### Input material
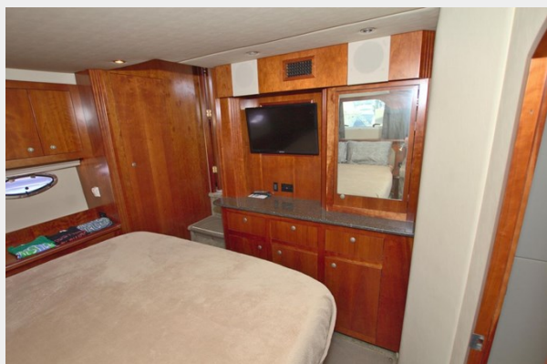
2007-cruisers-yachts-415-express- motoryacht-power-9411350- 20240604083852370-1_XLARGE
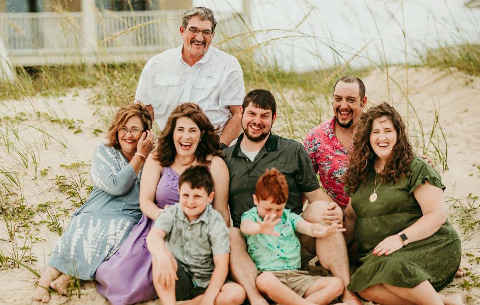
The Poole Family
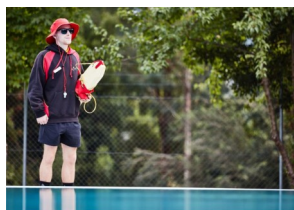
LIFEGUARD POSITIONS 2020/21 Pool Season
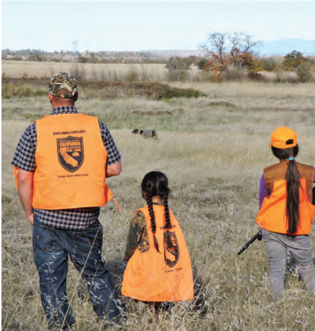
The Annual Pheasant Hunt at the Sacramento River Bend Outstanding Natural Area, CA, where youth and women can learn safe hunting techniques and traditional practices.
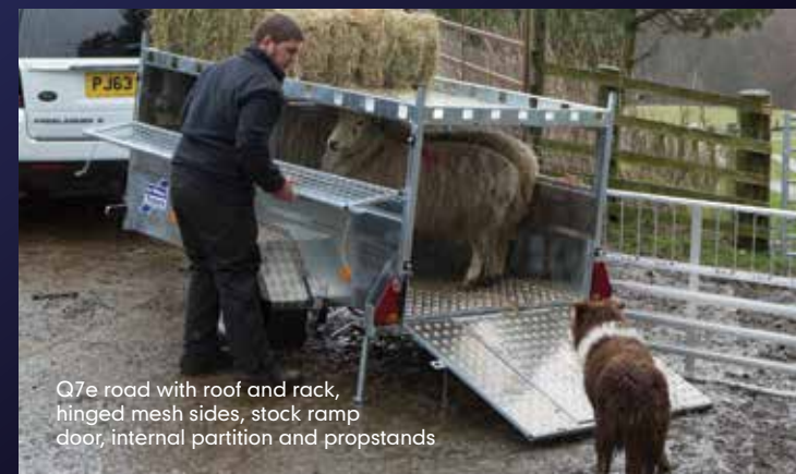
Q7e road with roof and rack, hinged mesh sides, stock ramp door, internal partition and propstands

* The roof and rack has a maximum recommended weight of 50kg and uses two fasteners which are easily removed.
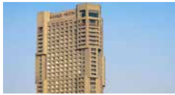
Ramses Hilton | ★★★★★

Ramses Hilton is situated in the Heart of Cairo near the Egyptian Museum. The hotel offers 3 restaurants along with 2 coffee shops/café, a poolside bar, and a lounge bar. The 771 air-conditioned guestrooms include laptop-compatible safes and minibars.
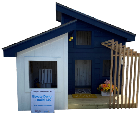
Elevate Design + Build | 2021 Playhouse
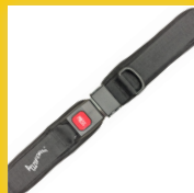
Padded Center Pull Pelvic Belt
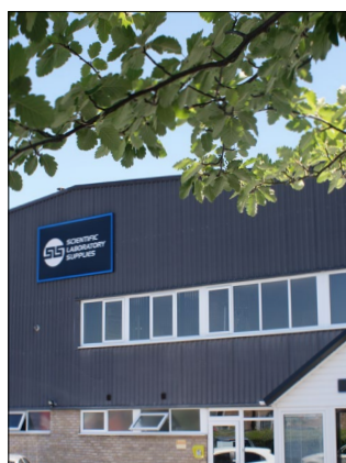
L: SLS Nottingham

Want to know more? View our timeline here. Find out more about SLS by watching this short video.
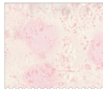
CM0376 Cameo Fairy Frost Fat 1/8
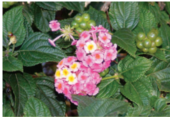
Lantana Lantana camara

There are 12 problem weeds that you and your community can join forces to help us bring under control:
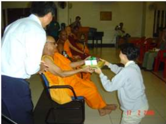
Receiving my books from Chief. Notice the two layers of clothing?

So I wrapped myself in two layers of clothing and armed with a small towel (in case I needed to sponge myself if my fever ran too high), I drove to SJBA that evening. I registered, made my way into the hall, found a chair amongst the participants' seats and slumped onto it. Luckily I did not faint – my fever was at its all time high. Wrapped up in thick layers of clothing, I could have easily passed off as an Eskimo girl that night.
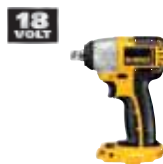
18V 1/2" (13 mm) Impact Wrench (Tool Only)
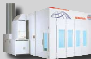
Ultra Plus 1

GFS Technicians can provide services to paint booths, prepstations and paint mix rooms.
######
### Input material
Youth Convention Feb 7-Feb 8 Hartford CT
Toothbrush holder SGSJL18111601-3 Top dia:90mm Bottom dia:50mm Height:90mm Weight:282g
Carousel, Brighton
######
### Input material
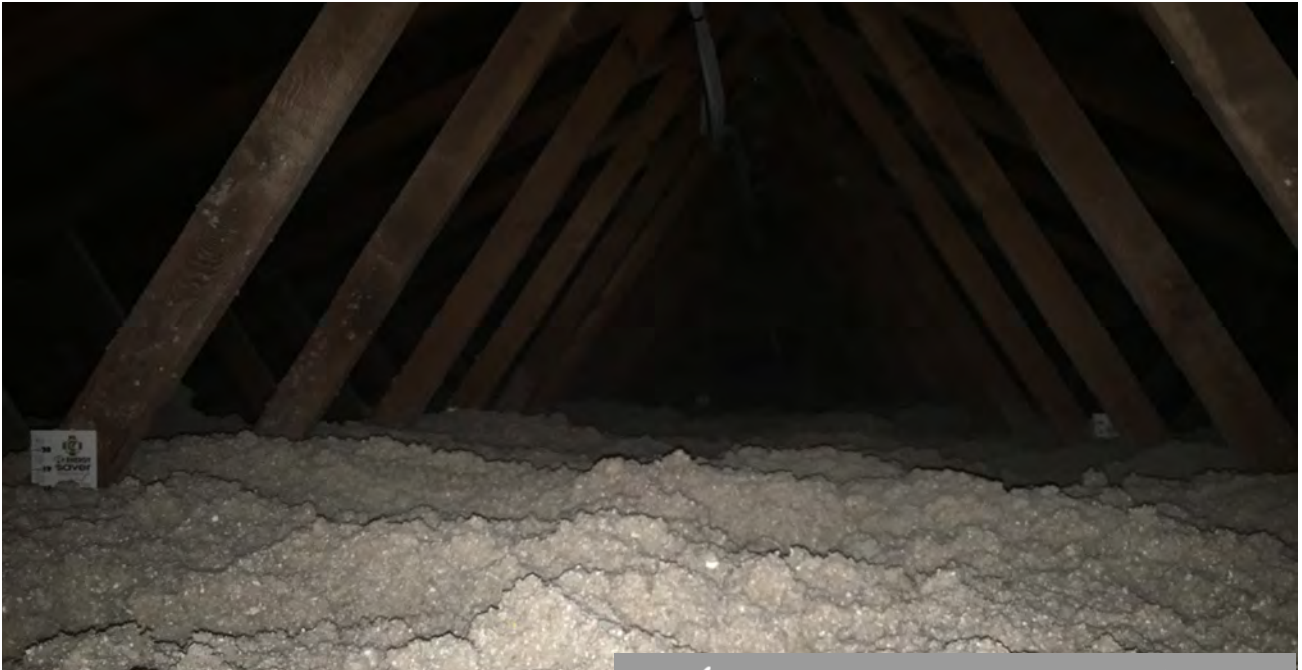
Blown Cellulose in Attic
######
• **Exercise goal**
From the records above, repeat exactly the lines from the one with "Ultra Plus 1" through the one with "GFS Technicians can", both included.

• **Exercise output**
Ultra Plus 1

GFS Technicians can provide services to paint booths, prepstations and paint mix rooms.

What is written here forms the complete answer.